SambaNova Systems: SambaNova Systems develops AI hardware chips with custom software as a full-stack enterprise solution. Like Cerebras, SambaNova Systems’ DataScale platform enables private companies, such as Accenture, to train their own AI models on proprietary data. Both companies have also released their own AI models, with SambaNova Systems releasing Samba-1, the first one trillion parameter enterprise model. Similar to Cerebras, SambaNova Systems is also capable of both training and inference. Running on its SN40L chip released in September 2023, which can run a five trillion parameter model, the Samba-1 model outputs 1K tokens per second. In comparison, GPT-4 running on clusters of 128 Nvidia A100 GPUs only outputs 21.4 tokens per second. Founded in 2017, SambaNova Systems had raised a total of $1.1 billion at a valuation of $5 billion as of September 2024, including a 2024 crowdfunding round that raised $1.5 million. In secondary markets, SambaNova’s valuation was estimated at $1.2 billion as of September 2024.

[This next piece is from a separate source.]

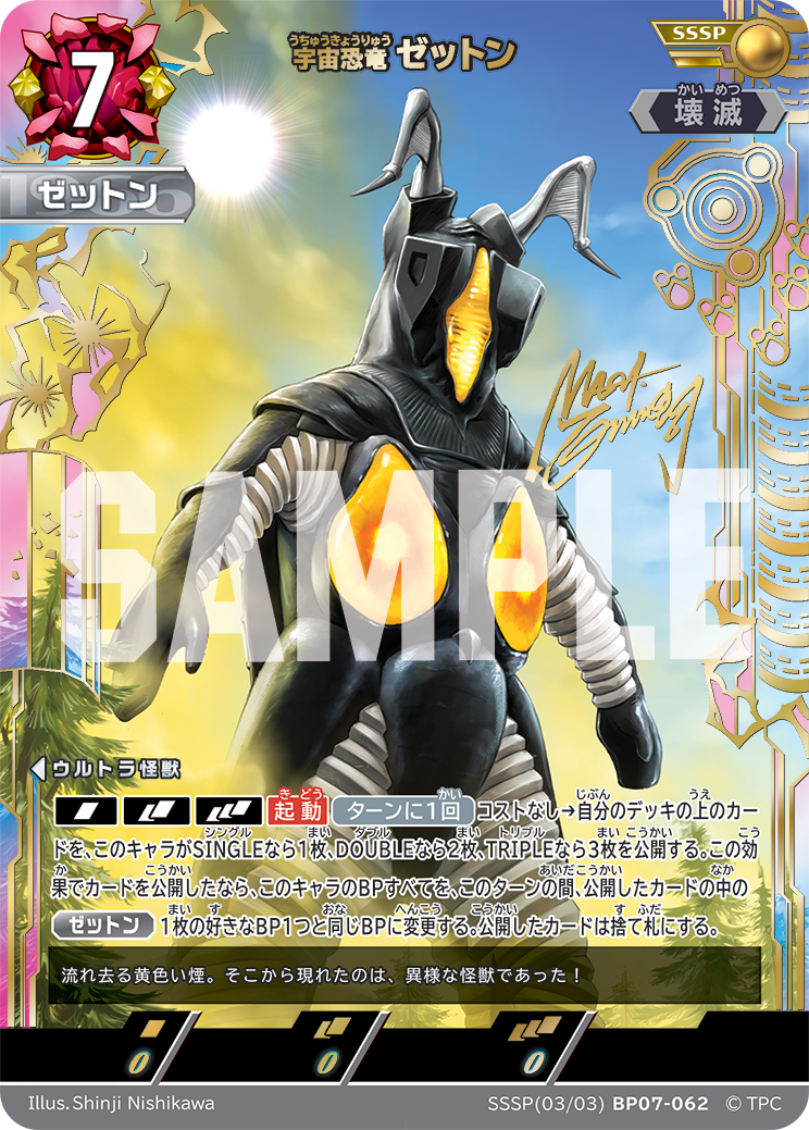 そして今回、なんと!西川伸司さんに、SSSPのイラストを描き下ろしていただきました。ゼットンが登場した瞬間の、あの圧倒的な絶望をぜひカードでも体感してみてください。

Graphcore: Graphcore custom processors, powered by its Intelligence Processing Unit (IPU) technology, enable 16 times faster AI training and inference speeds compared to Nvidia GPUs. Customers can train and deploy AI models using Graphcore’s Colossus MK1 IPU and Colossus MK2 IPU on the cloud or by purchasing its on-premise Bow Pod Systems for local development. Its customers include J.P. Morgan, Aleph Alpha, Carmot Capital, Microsoft, Citadel, and various universities, including the Imperial College London, Berkeley, Oxford, and Stanford. Graphcore was founded in 2016 and had raised a total of $682 million as of September 2024, being valued of $2.8 billion in 2020. However, Graphcore has struggled to gain further traction – reporting a 46% revenue drop from 2021 to 2022 and was in talks to be acquired by SoftBank as of May 2024.

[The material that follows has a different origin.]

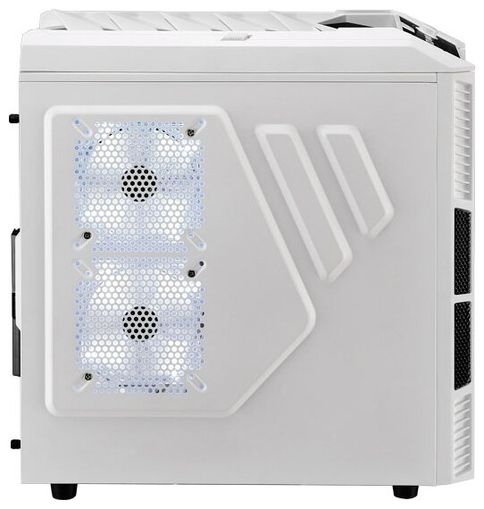 Space for 120 mm fans, two on the front and top, three on the inside in the front, two 120/140 mm on the side and one 120 mm on the bottom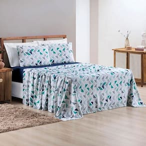 Jogo De Lençol Grace Solteiro 3 Peças Malha 100% Algodão Macio Estampado - Azul Geométrico

Rain AI: Backed by Sam Altman of OpenAI, Rain AI manufactures brain-inspired “neuromorphic processing units” (NPUs) to optimize AI training and inference at maximum energy efficiency. Although not much is revealed about Rain AI’s NPUs, former Meta architecture leader Firoozshahian and Apple’s semiconductor leader Allegrucci joined the Rain AI team in June 2024. Rain AI was founded in 2017 and had raised over $40 million as of September 2024. Rain AI's energy-efficient chips may be attractive to companies prioritizing cost savings through reduced energy usage, potentially competing with Cerebras for customers who don't require the high-performance solutions Cerebras offers.

AI Inference Competitors

Ampere Computing: Ampere Computing develops energy-efficient CPUs for a wide range of computing solutions – including AI inference, web services, edge computation, and data analytics. Using a newly designed processor architecture, the Ampere Altra and higher-end AmpereOne CPUs use up to 67% less power for AI inference than a GPU and can be scaled linearly. Additionally, through a partnership with Nvidia, Ampere Computing offers full CUDA support when paired with Nvidia’s GPUs. Other notable partnerships include Oracle Cloud, Microsoft Azure, Google Cloud, Hewlett Packard Enterprise, Cloudflare, Cruise, and Tencent Cloud. Founded in 2017, Ampere Computing has raised $853 million and filed with the US Securities and Exchange Commission (SEC) for an original IPO date of April 2023. However, that has since been postponed and it remains a private company.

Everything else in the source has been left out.